Problem statement: Set down the listing exactly as given, minus images.

Dataset content:
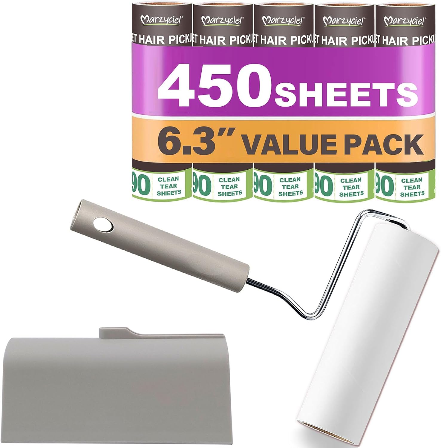 - Large Surface Area, High Sheet Count: Includes one cotton roller and 5 packs of 90 sheets each, totaling 450 sheets. With a width of 6.3 inches (16 cm), this eco-friendly and odorless extra large lint roller is perfect for clothing, sofas, carpets, pet beds, floors, and other furniture.
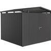 Dit metalen tuinhuis met zadeldak met rondom acrylglas en dakoverstek in je tuin geeft je de mogelijkheid om al jouw spullen op de slaan en je tuin en garage hierdoor vrij van rommel te houden. De bergingen van Biohort worden gekenmerkt door de efficiënte accessoires die standaard worden meegeleverd én de ruime keus in extra opties. Je kunt er dus gemakkelijk jouw fiets, bezem, hark, schop, kruiwagen, steekwagen en schappen voor kleine spullen in kwijt.
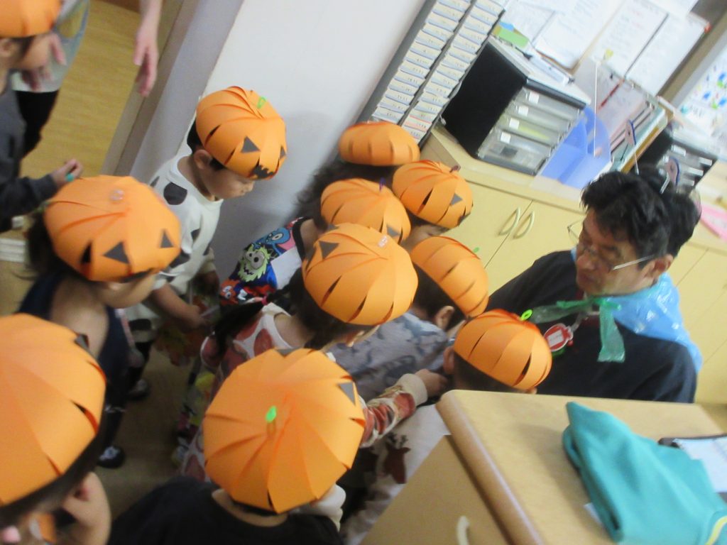 園長先生も仮装して、「お菓子をあげるので、いたずらしないでくれますかー!?」と、言いながらお菓子を配っていましたよ(*^^)v

Expected answer:
 - Large Surface Area, High Sheet Count: Includes one cotton roller and 5 packs of 90 sheets each, totaling 450 sheets. With a width of 6.3 inches (16 cm), this eco-friendly and odorless extra large lint roller is perfect for clothing, sofas, carpets, pet beds, floors, and other furniture.
 Dit metalen tuinhuis met zadeldak met rondom acrylglas en dakoverstek in je tuin geeft je de mogelijkheid om al jouw spullen op de slaan en je tuin en garage hierdoor vrij van rommel te houden. De bergingen van Biohort worden gekenmerkt door de efficiënte accessoires die standaard worden meegeleverd én de ruime keus in extra opties. Je kunt er dus gemakkelijk jouw fiets, bezem, hark, schop, kruiwagen, steekwagen en schappen voor kleine spullen in kwijt.
 園長先生も仮装して、「お菓子をあげるので、いたずらしないでくれますかー!?」と、言いながらお菓子を配っていましたよ(*^^)v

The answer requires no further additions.